Мужчина подносит меня к лицу, что я чувствую горячее дыхание на своей коже. Кисловатый запах, отголоски лука и алкоголя. Я морщусь и таращусь на него, не понимая, что именно он хочет.
— Я не знаю, о чем вы говорите, отпустите меня, я все сделаю, только не надо больше…
— Не притворяйся овечкой, ты сама с нами в сговоре, не думай, что мы так просто позволим тебе уйти из бизнеса!
Мужчина разжимает руки, и я резко падаю на пол. Колени ноют, маленькие камушки впиваются в меня, раня едва начинающие заживать ранки по новой. Больно и страшно. Я сжимаюсь в комок, машинально прикрывая грудную клетку, сгибаясь от страха.
— Вера, Вера… — Мужчина нависает надо мной, сжимая плечо. — А ты подумала о маме? Какого ей будет вернуться на улицу в ее состоянии? Или если она решит, что ты ее бросила? А если кто-то расскажет ей о том, кто ты на самом деле?..
— Я правда…
— Неправильный ответ.
Резкая боль ослепляет. Щека горит. Голова кружится, а из глаз сами по себе начинают течь слезы. Хочется забиться в угол и плакать навзрыд, но ком в горле и мужчина, склонившийся так близко, что я ощущаю тепло его кожи, не дает мне этого сделать.
А дальше — только ад.
Доносятся шаги, но более мягкие, скользящие. Чьи-то руки стягивают одежду, оставляя лишь белье, липкие взгляды скользят по телу.
Смех. Хохот.
Прикосновения там, где не должны находиться чужие руки.
Я могла лишь плакать. Плакать и считать до пятидесяти семи, находясь на грани между истерикой и полным спокойствием. Насколько это возможно, я старалась абстрагироваться, наблюдая за происходящим со стороны. Люди же смотрят порно и страшные фильмы? Ужастики? Попытки видеть ситуацию так помогали. Но реальность всегда выигрывала.
Меня били по щекам, спрашивая о том, готова ли я продолжать работу.
Выдыхали в лицо дым, заставляя закашливаться до жжения в горле. Я плакала и кричала.
А потом все прекратилось. Дверь захлопнулась, оставляя меня один на один с болью. Мозг снова переходил в оборонительную позицию, пряча воспоминания. Я откинулась на влажный от крови и спермы матрас и сжалась в маленький комочек, пытаясь согреть измученное тело.
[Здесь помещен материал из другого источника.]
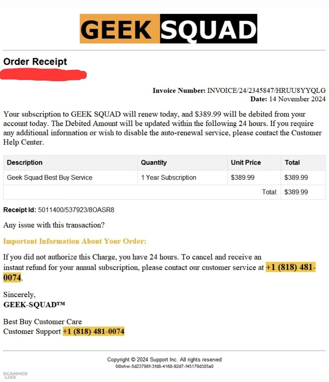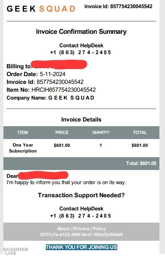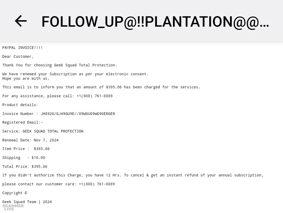 +1 (818) 481-0074 Geek Squad scam regarding 1 year subscription for Best Buy Services | Invoice Number: INVOICE/242345S47MRUUSYYQLG Date: 14 November 2024 Your subscription to GEEK SQUAD... | Geek Squad Scam |
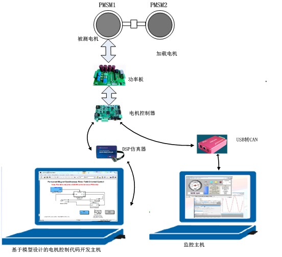 基于模型设计的电机控制器系统结构如图 所示,在代码开发主机上开发基于MATLAB/SIMULINK的永磁同步电机控制算法,在监控主机上发送控制指令、接收电机状态。电机控制器采集电机状态后更新输出指令,控制功率板IPM模块上IGBT的开关状态,形成对永磁同步电机的闭环控制。加载电机模拟负载特性,有现成产品级伺服电机控制器实现对加载电机的控制。

Пятьдесят семь.
Высокий мужчина садится на барный стул и поднимает руку, подзывая меня к себе:
— Ты тут недавно?
— Добро пожаловать, недавно начала здесь работать, — улыбаюсь я, нервничая. — Вам принести меню?
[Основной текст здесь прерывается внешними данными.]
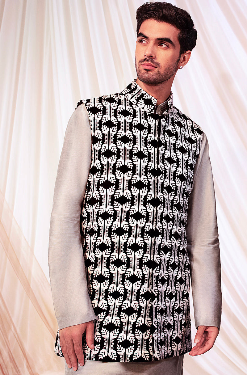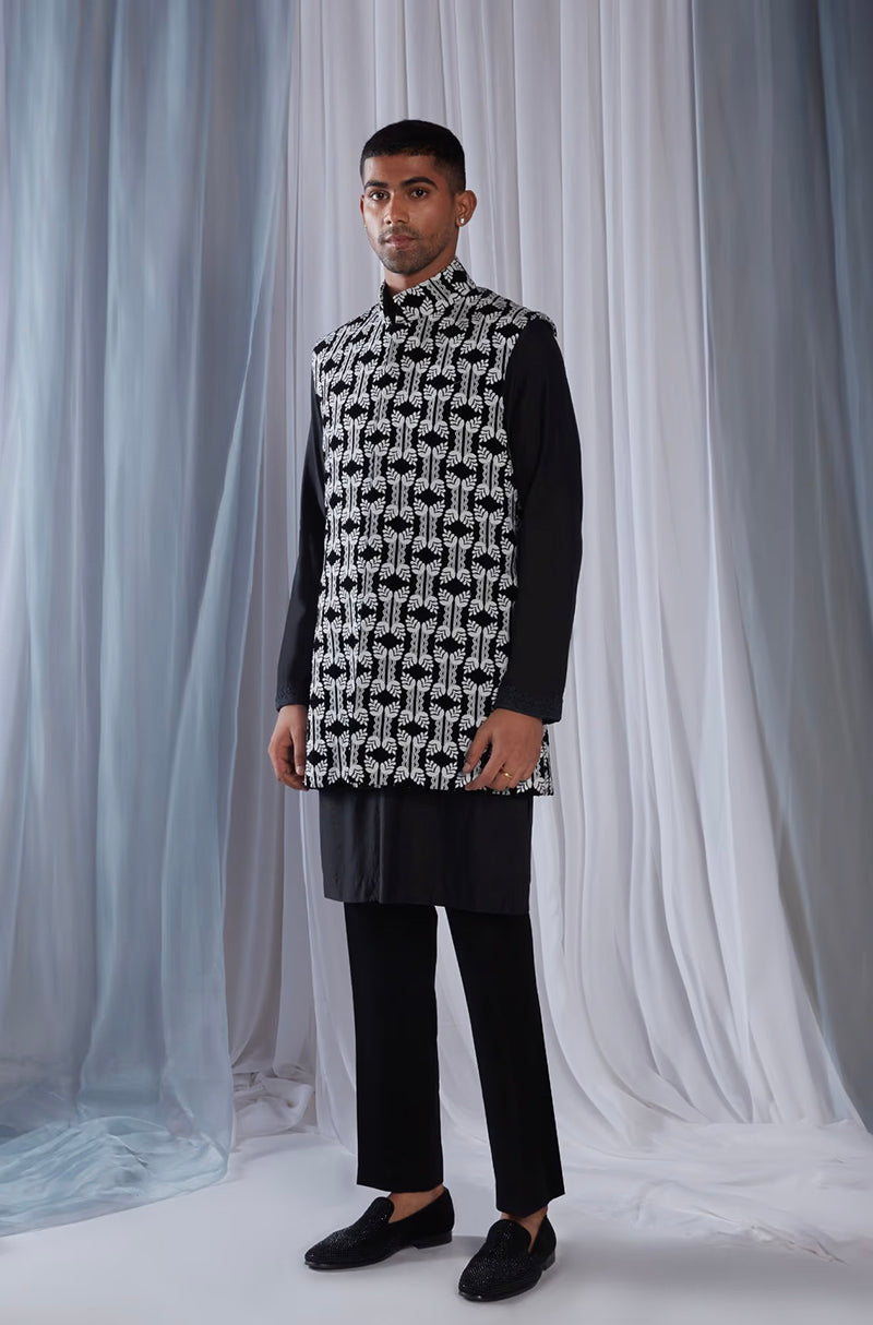 Mijwan black thread embroidered bundi. Paired with matching kurta & pants.

— Двойной виски с кусочком льда, — снисходительно указывая на бутылку, он внимательно смотрит на меня. — И как тебе, нравится?
— Да, хорошее место, отличная команда, доброжелательные гости…
Я кладу на стойку подстаканник и отмеряю в джиггер порцию виски. Мужчина насмешливо наблюдает за мной, оставляя щедрые чаевые. Весь вечер, мой первый вечер работы без бармена, только я и гости, он следит за каждым движением, фиксируя и отпуская похабные шутки. Первый «соло» выход на смену оказывается удачным. Я почти не напутала с рецептурой фирменных напитков заведения и умудрилась залить пивной пеной лишь один заказ. Редко улыбаясь на комментарии гостя, я нервничаю. Одно дело работать под надзором учителя, а когда за тобой следит гость — совсем другое. Страшно и неуютно.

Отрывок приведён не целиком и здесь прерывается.